Москву, как известно, немцы не взяли. Но москвичи положили в ополчении цвет города. Еще больше толковых московских людей были увезены в глубокий тыл - в Ашхабады и Ташкенты - ковать оружие победы. Вернулись далеко не все. Опять же, тут трудно сказать, сколько именно осталось поднимать хозяйства всяких азиатских республик. Кого-то потом таскали по всему Союзу: знаю людей, которые не могли вернуться в Москву десятилетиями. Многие так и осели у черта на рогах.
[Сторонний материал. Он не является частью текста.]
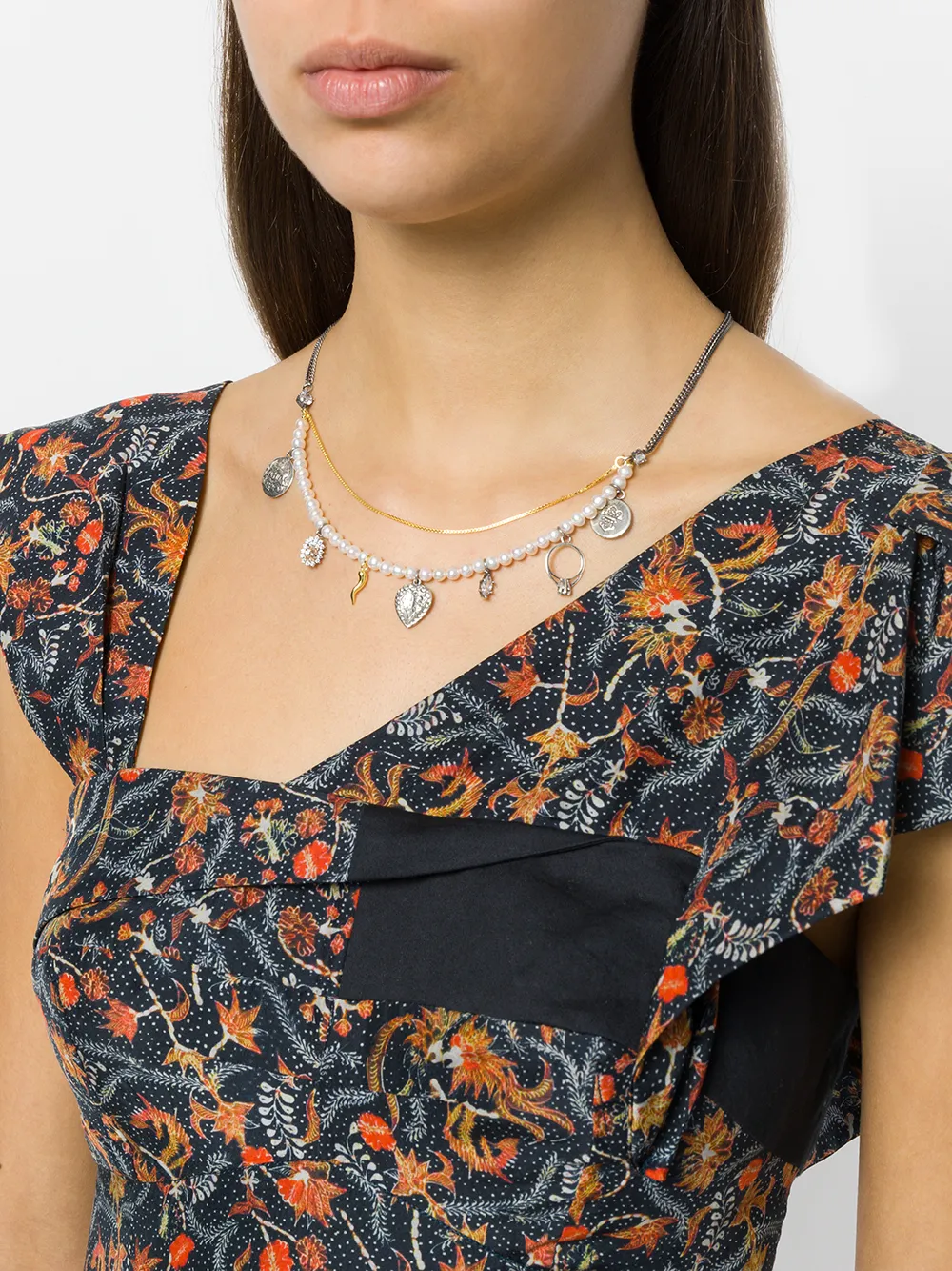 Колье "Silver Heritage" из серебра 925-й пробы с жемчугом от Iosselliani, многоярусная короткая модель, застежка на пружинное кольцо, цепочка из позолоченной латуни спереди, нить из жемчуга с подвесками по центру

С другой стороны, целенаправленный завоз «неквалифицированной рабочей силы» из депрессивных регионов сильно разбавил московскую породу, причем отнюдь не в лучшую сторону. В частности, именно лимита стала питательной основой для появления классической гопоты: не традиционной московской преступности, которая всегда была разновидностью хозяйствования, а вот именно гопоты, от которой пошел бессмысленный вред людям. Традиционные москвичи к гопоте относились с ненавистью - именно по причине ее бессмысленности. Но это было уже потом.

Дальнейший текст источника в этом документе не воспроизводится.